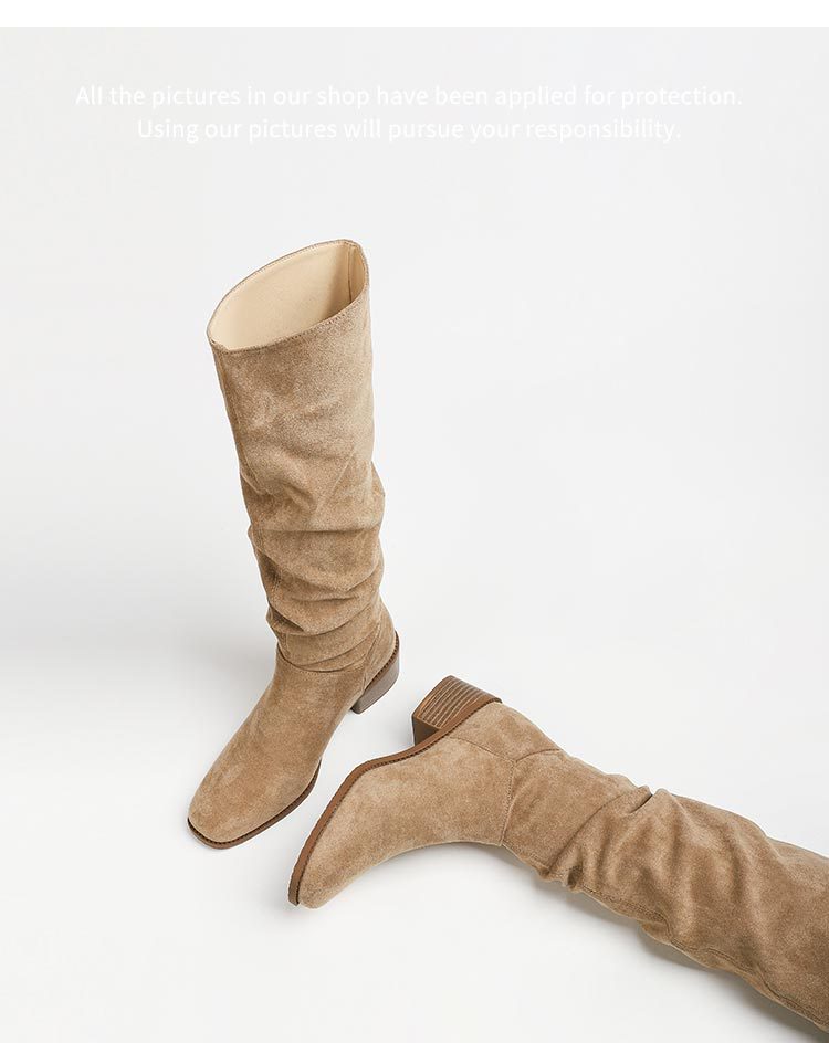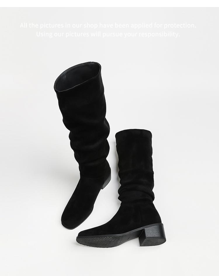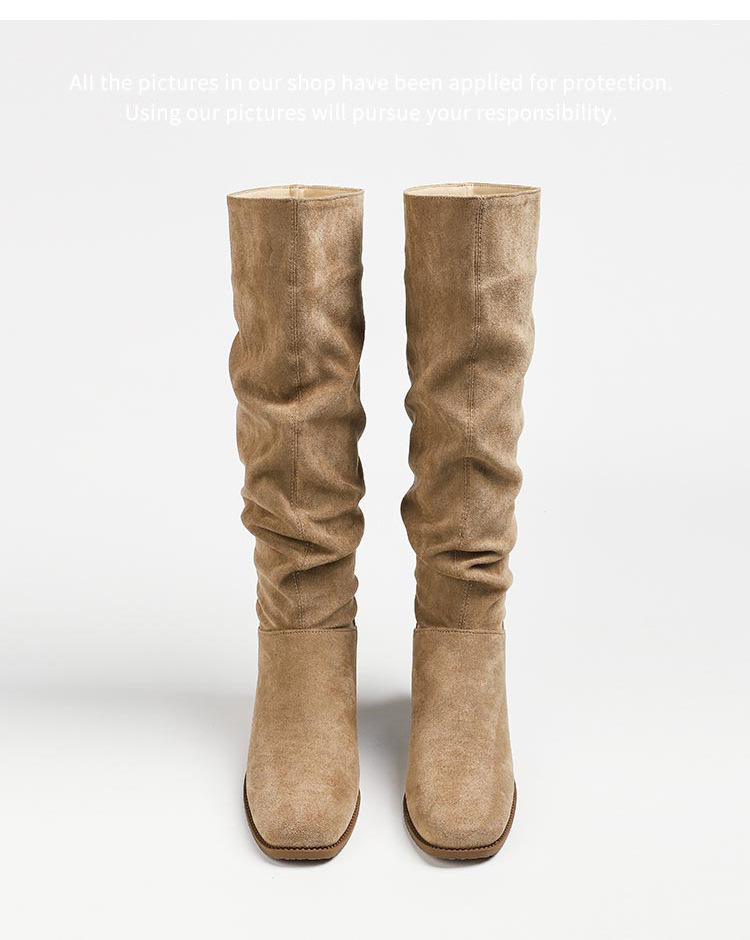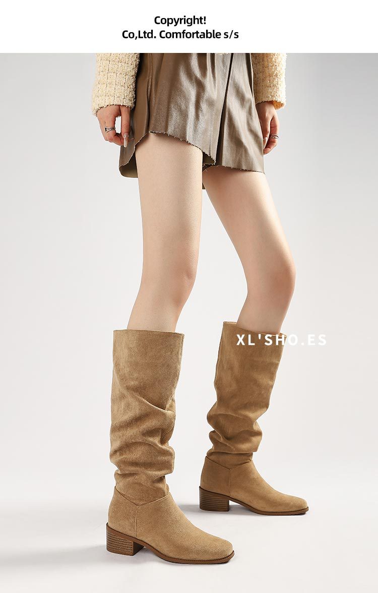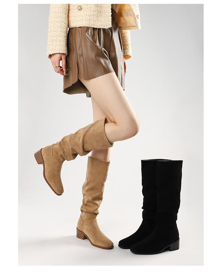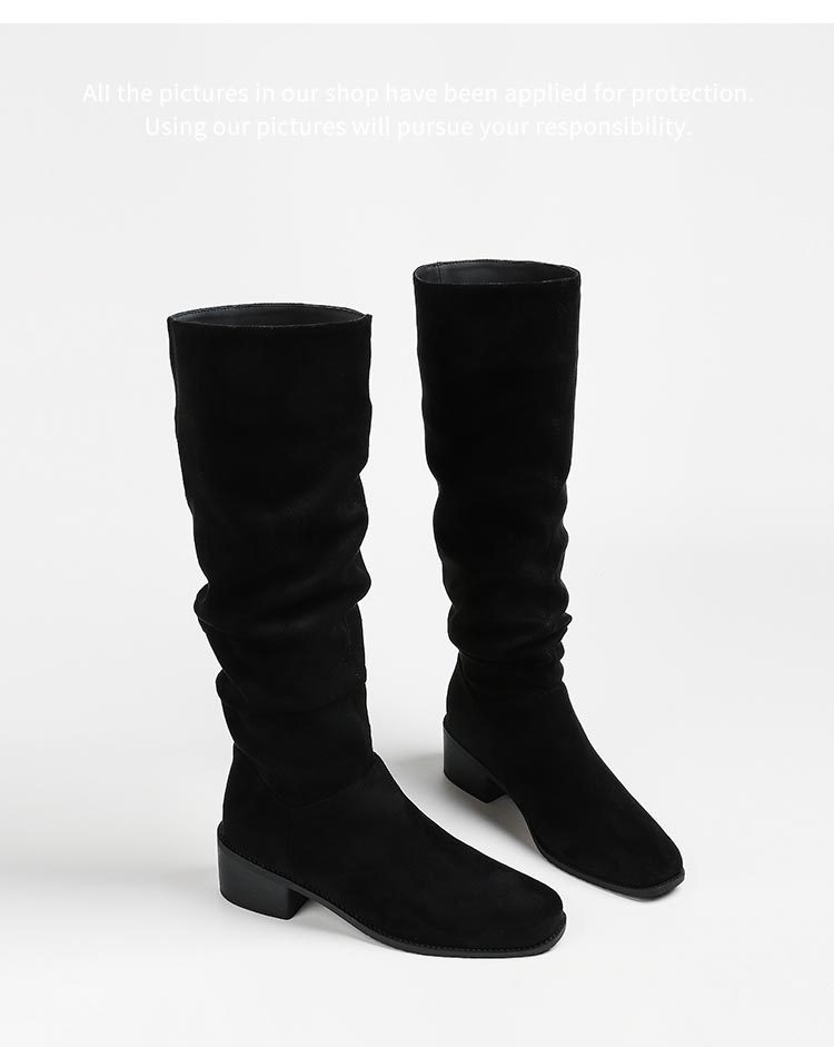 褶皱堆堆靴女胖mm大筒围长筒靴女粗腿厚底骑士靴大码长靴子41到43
= = = = = = =
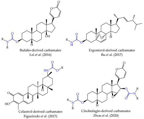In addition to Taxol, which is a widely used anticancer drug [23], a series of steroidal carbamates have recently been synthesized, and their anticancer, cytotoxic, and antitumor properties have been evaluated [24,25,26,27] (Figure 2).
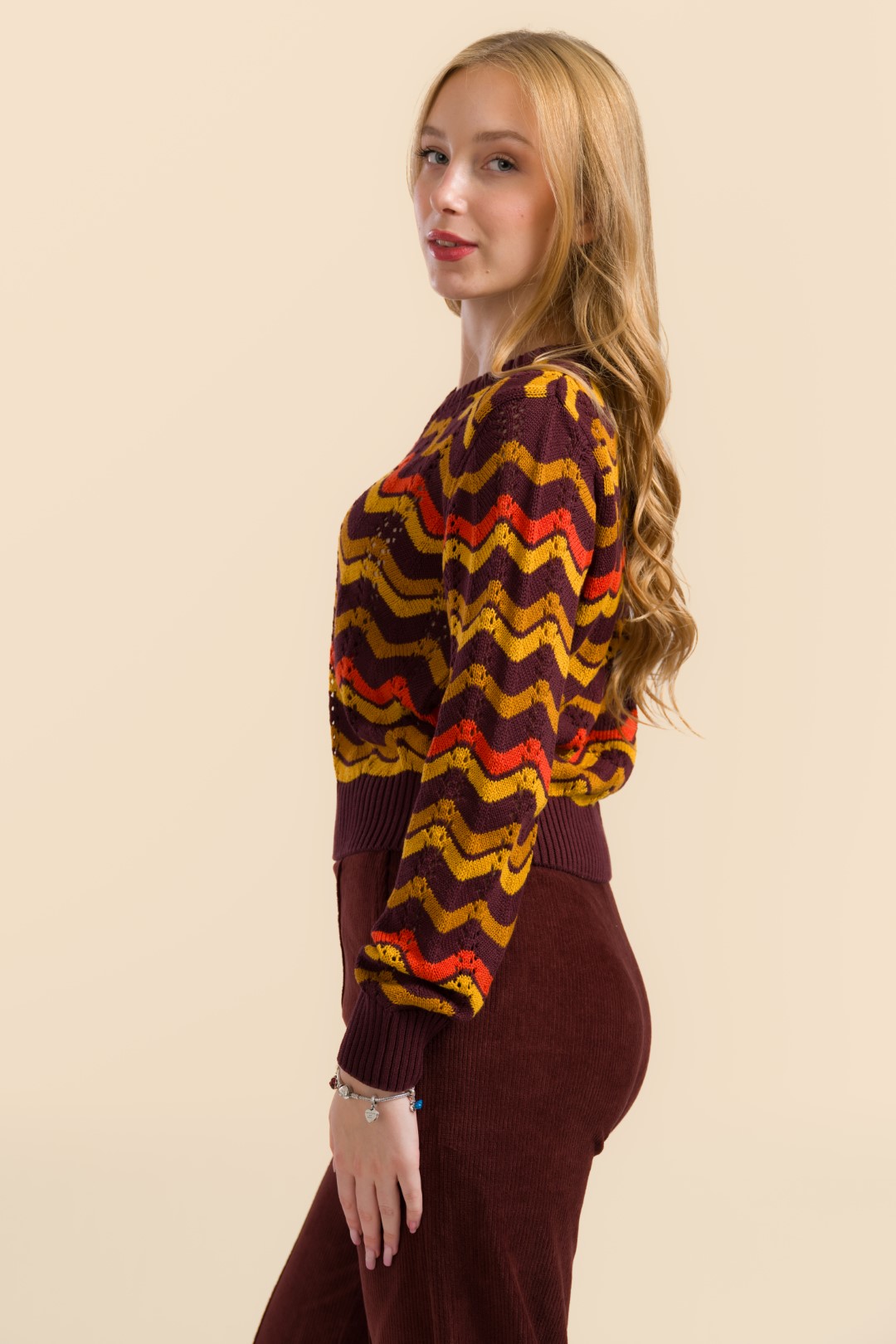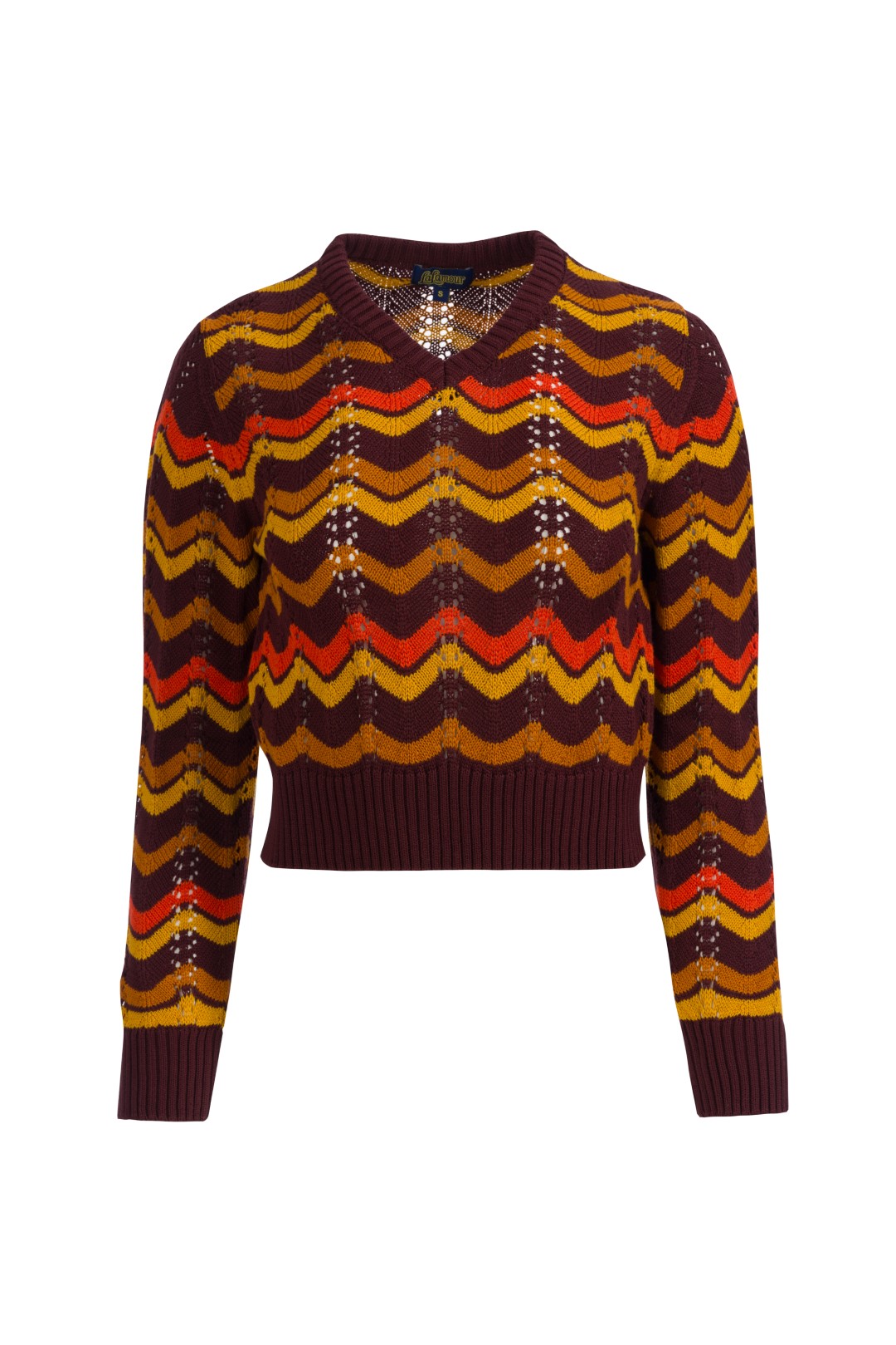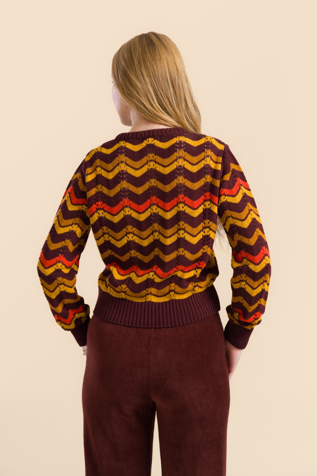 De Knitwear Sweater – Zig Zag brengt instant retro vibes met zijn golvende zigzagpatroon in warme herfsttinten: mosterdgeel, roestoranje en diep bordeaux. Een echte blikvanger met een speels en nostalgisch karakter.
= = = = = = =
Aim of the task:
Go back to the listing above and reproduce, exactly, the stretch from the line bearing "In addition to" through the line bearing "De Knitwear Sweater", without its pictures.

Solution to this problem:
In addition to Taxol, which is a widely used anticancer drug [23], a series of steroidal carbamates have recently been synthesized, and their anticancer, cytotoxic, and antitumor properties have been evaluated [24,25,26,27] (Figure 2).
 De Knitwear Sweater – Zig Zag brengt instant retro vibes met zijn golvende zigzagpatroon in warme herfsttinten: mosterdgeel, roestoranje en diep bordeaux. Een echte blikvanger met een speels en nostalgisch karakter.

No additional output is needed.